The Effects of Multiple Doses of Fenofibrate on the Pharmacokinetics of Pravastatin and Its 3α‐Hydroxy Isomeric Metabolite

Published data indicate that coadministration of multiple doses of the fibrate drug, gemfibrozil, led to a 202% increase in pravastatin systemic exposure (area under the plasma concentration-time curve, AUC). To evaluate the effects of another fibrate drug, fenofibrate, on the pharmacokinetics of pravastatin, 24 healthy subjects took pravastatin (40 mg once daily) on study days 1 to 15 and fenofibrate (160 mg once daily) on study days 6 to 15. Blood samples were collected for 24 hours after dosing on days 5, 6, and 15. Plasma concentrations of pravastatin and its active metabolite, 3α-hydroxy-iso-pravastatin, were measured, and pharmacokinetics was assessed. Safety assessments were based on adverse events, physical examinations, electrocardiogram results, vital signs, and clinical laboratory testing.
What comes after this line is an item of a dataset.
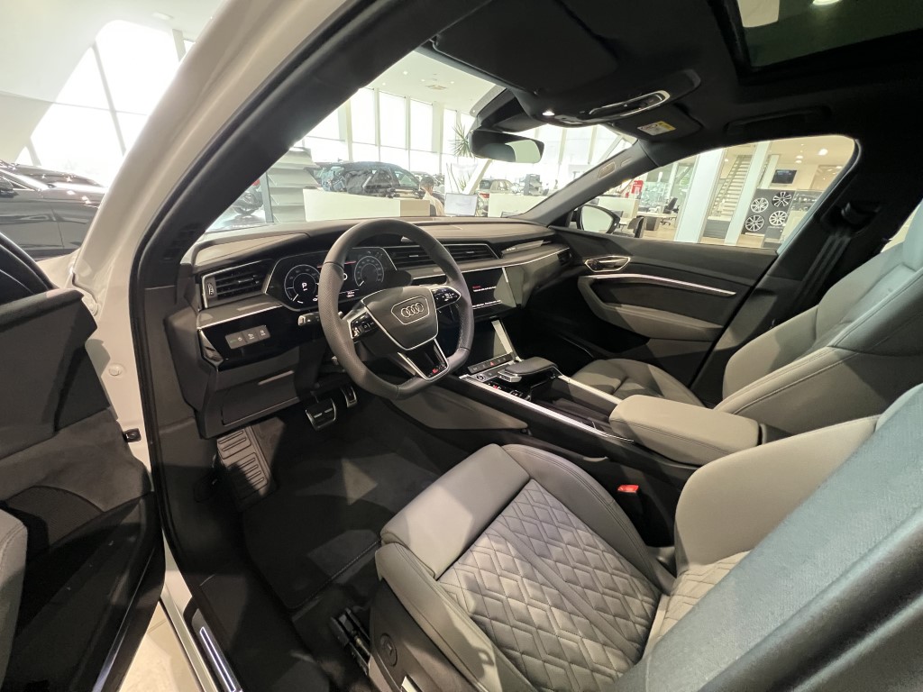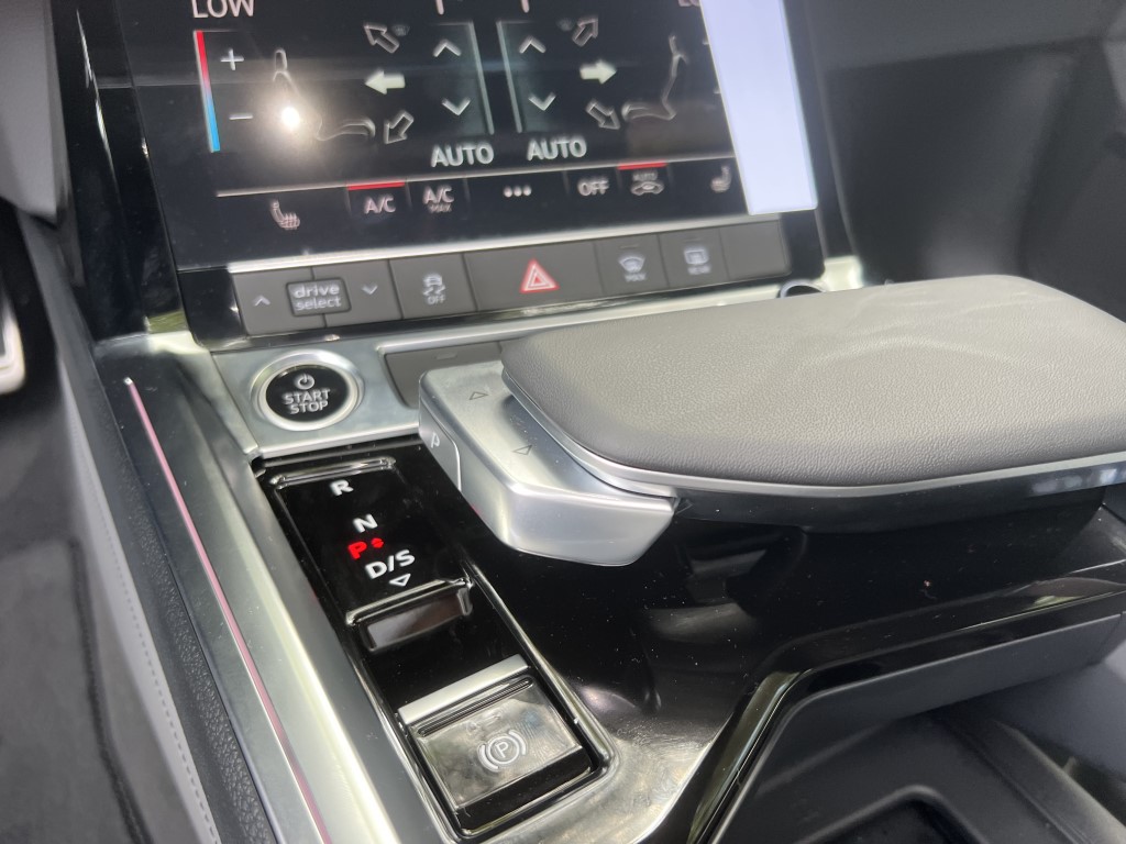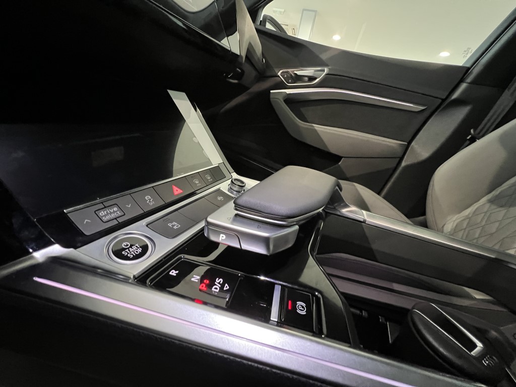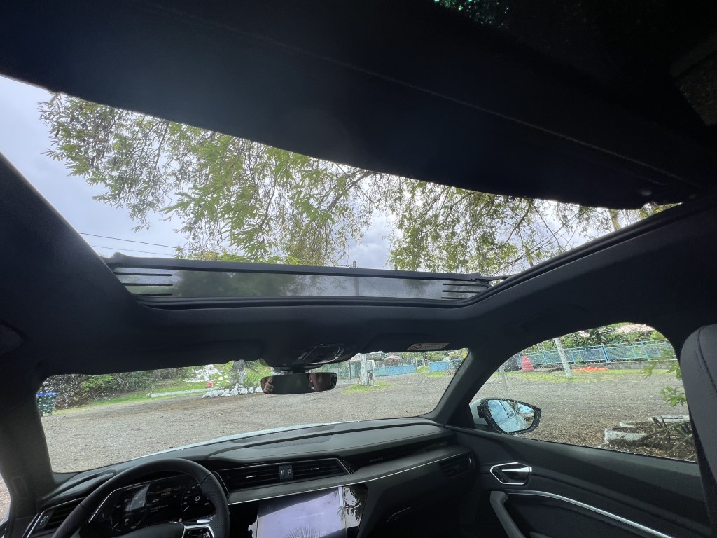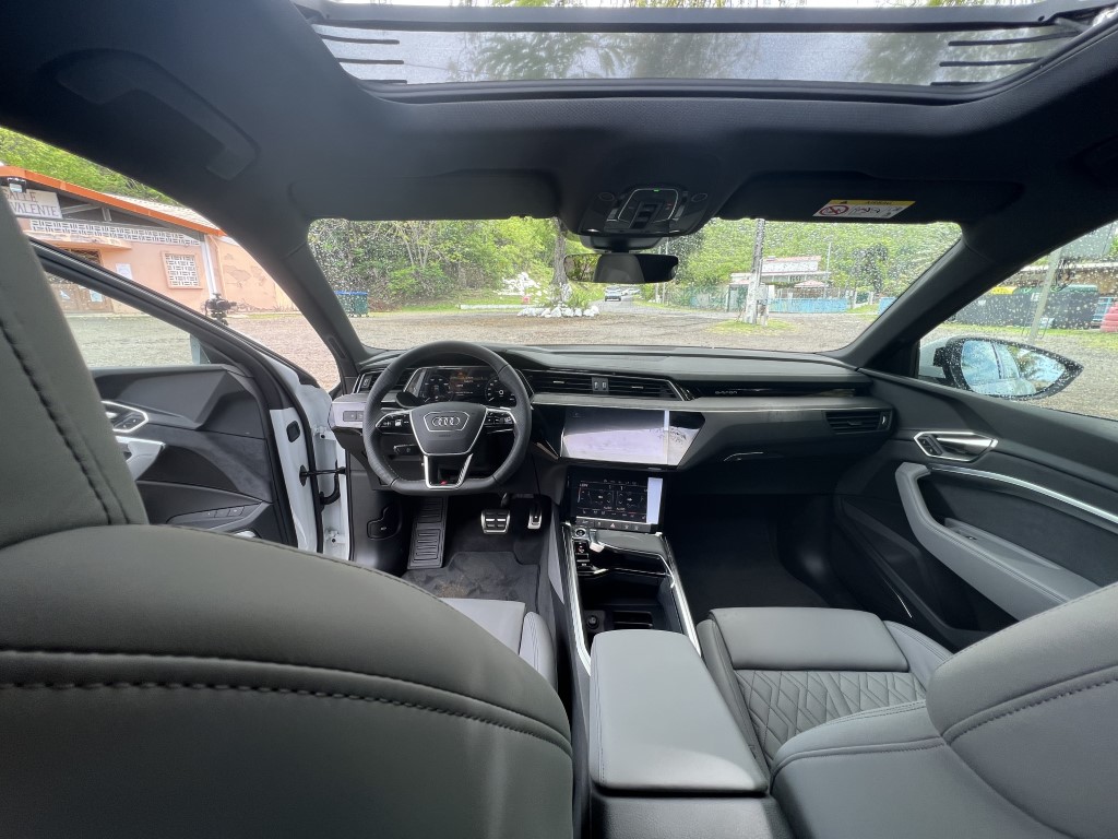 Placé au-dessus d’une console centrale flottante, la planche de bord reprend le concept général du design extérieur, avec des angles obliques qui l’orientent vers le conducteur. Le volant, non circulaire, est certes très joli et bien intégré, les palettes du volant permettent de gérer la force du freinage électrique à récupération sur trois niveaux. Les sièges sport en cuir noir compris dans le pack d’intérieur S-Line disposent d’une longueur d’assise réglable. Ils sont très texturés et procurent un bon maintien latéral. Les surpiqûres blanches ressortent bien à la lumière naturelle, diffusée par le toit panoramique en verre... Les trois places arrière disposent d’un espace suffisant pour les jambes et une hauteur acceptable pour un adulte de grande taille. Plusieurs fonctions sont disponibles via l’application myAudi, comme par exemple la pré-climatisation avant de partir. A noter que Android Auto et Apple Car Play sont disponibles, sans fil, via Bluetooth.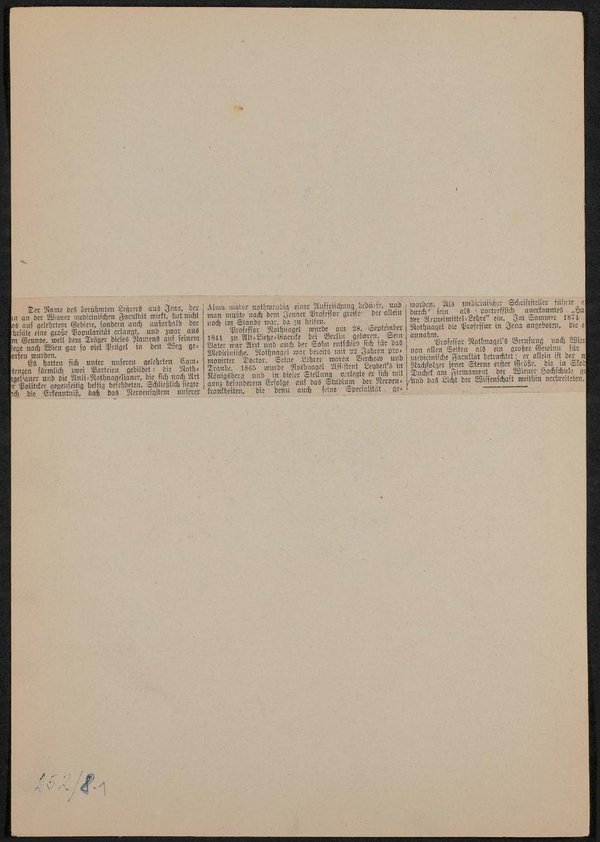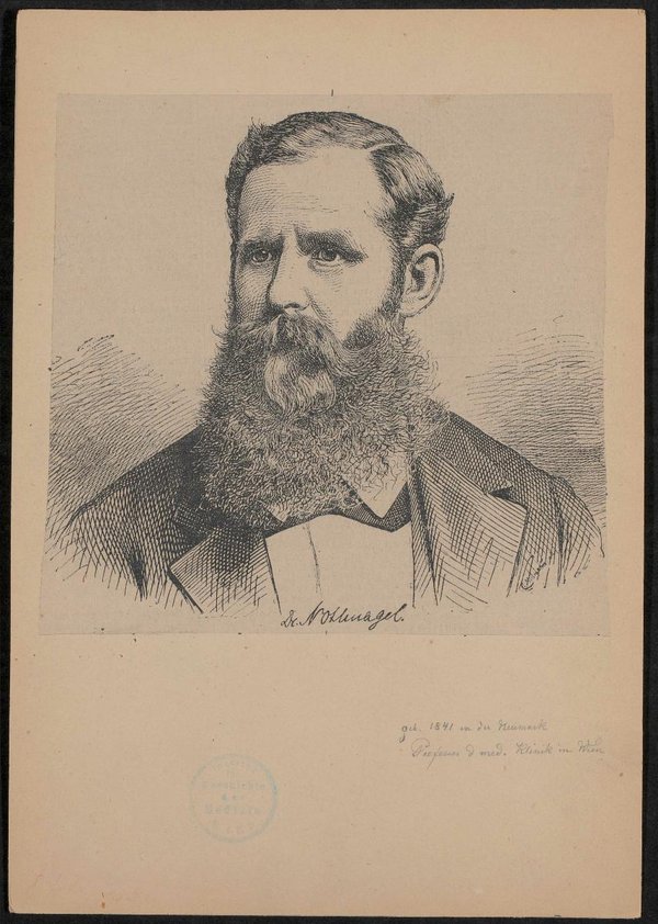 Mit einem Stempel des Instituts für Geschichte der Medizin, Wien, und rückseitig mit Angaben über die Laufbahn Nothnagels versehen.

Safety results were unremarkable. Coadministration of fenofibrate had modest effects on pravastatin and 3a-hydroxy-iso-pravastatin systemic exposures (AUC). Increases in pravastatin systemic exposures (19%-28%, on average) and 3a-hydroxy-iso-pravastatin systemic exposures (24%-39%, on average) were observed upon coadministration, but individual changes were variable. Pravastatin and 3a-hydroxy-iso-pravastatin systemic exposures were not statistically significantly different following the 1st and 10th doses of fenofibrate.